There were pros and cons living at college while I was uni.

I had the BEST time of my life

But I also had to put up with hospital liked food for 3 years.

Beef stroganoff was never one of my favourite. Since I have never had that before I started living in college, I had no idea what it’s meant to taste like! So for 3 years I was eating some BRIGHT ORANGE, BLAND stew thingy!
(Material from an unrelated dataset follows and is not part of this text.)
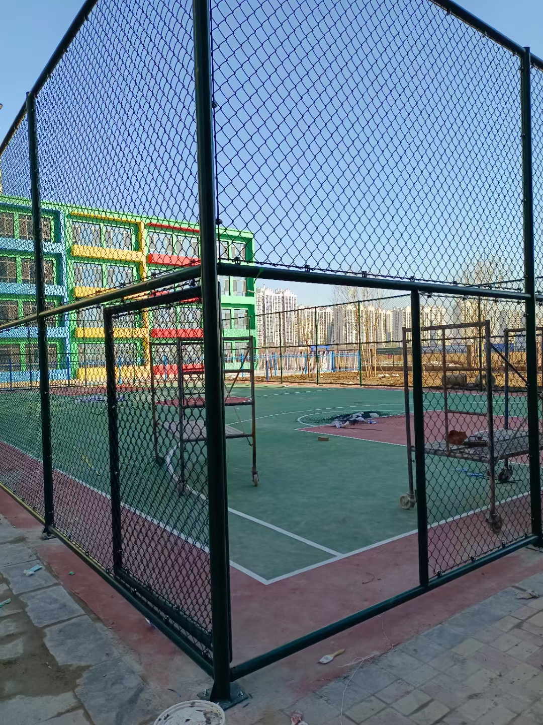 球場圍欄網(wǎng)在施工安裝的時(shí)候,要預(yù)留出球場圍欄網(wǎng)的出入門。球場圍欄網(wǎng)安裝是比較方便的,只是球場圍欄網(wǎng)出入門安裝要多注意一些。在安裝到球場圍欄網(wǎng)出入門的時(shí)候要把出入門的位置預(yù)留出來。當(dāng)把球場圍欄網(wǎng)主體安裝好后,要根據(jù)預(yù)留的位置再進(jìn)行出入門的安裝。因?yàn)槌鋈腴T要在門扇的周圍預(yù)留出門框的安裝。門框要根據(jù)現(xiàn)場實(shí)際情況進(jìn)行安裝施工。門框的尺寸用料要大一些,方便進(jìn)行現(xiàn)場裁斷。如不明白請聯(lián)系球場圍欄網(wǎng)生產(chǎn)廠家和看下圖。

Not until one day when a friend invited me over for dinner, he cooked me something wonderfully creamy and tasty! I asked him what is it? And of course, you guessed it, it was beef stroganoff!

I like to cook things that are easy to manage and almost foolproof! lol And this dish falls into that category! Another good thing is that you can serve it with either rice, pasta or mashed potato!

Ingredients (MAKE 5)

(recipe from the book ”In the Kitchen”)

  • 500g Beef, striped
  • 1 onion, thinly sliced
  • 250g button mushrooms
  • A bunch of green beans
  • oil
  • 1 clove garlic, crushed
  • 2 tablespoon of paprika
  • 250ml (1 cup) beef stock
  • 1 tablespoon Worcestershire sauce
  • 1 tablespoon tomato paste
  • 1/3 cup sour cream
  • 500g spiral pasta, to serve


  1. Heat oil in pan, cook beef on medium-high heat until it just browned. Cook in 2 batches. Transfer them into heat proof bowl.
  2. Return to pan, add onion to cook for about 3min, then add mushroom to cook for a further 2-3 mins or until soften
  3. Add garlic and paprika cook for further 1 min until fragrant.
  4. Put in stock, worcestershire sauce, tomato paste. Bring to boil. Reduce heat to low, return beef to pan, simmer and cover for 20mins or until beef is tendered.
  5. While beef is simmering away, cook pasta and steam green beans.
  6. Return to pan, check seasoning, then add sour cream, stir to combine.
  7. Serve with pasta and green beans.


  1. Depends on how thick or thin your beef stripes are, simmer time is varied. Mine ones were fairly thin so 20min simmering time was wayyyyy too long for me, they came out not as tender as I would like them to be : ( so make sure you adjust the simmer time depends on the thickness of your beef! Check them every 5 mins or so until they become tender!
  2. Since I was serving my stroganoff with pasta, I wanted to make the dish extra ‘saucey’. So I pretty much double the stock amount to 2 cups, 4 tablespoon of paprika, 3 tablespoon of tomato paste, 3 tablespoon worcestershire sauce. And lastly increased the sour cream amount to 1/2 cup. The sour cream will thicken up the sauce so if you like a thicker texture add in more, or just adjust it to your liking!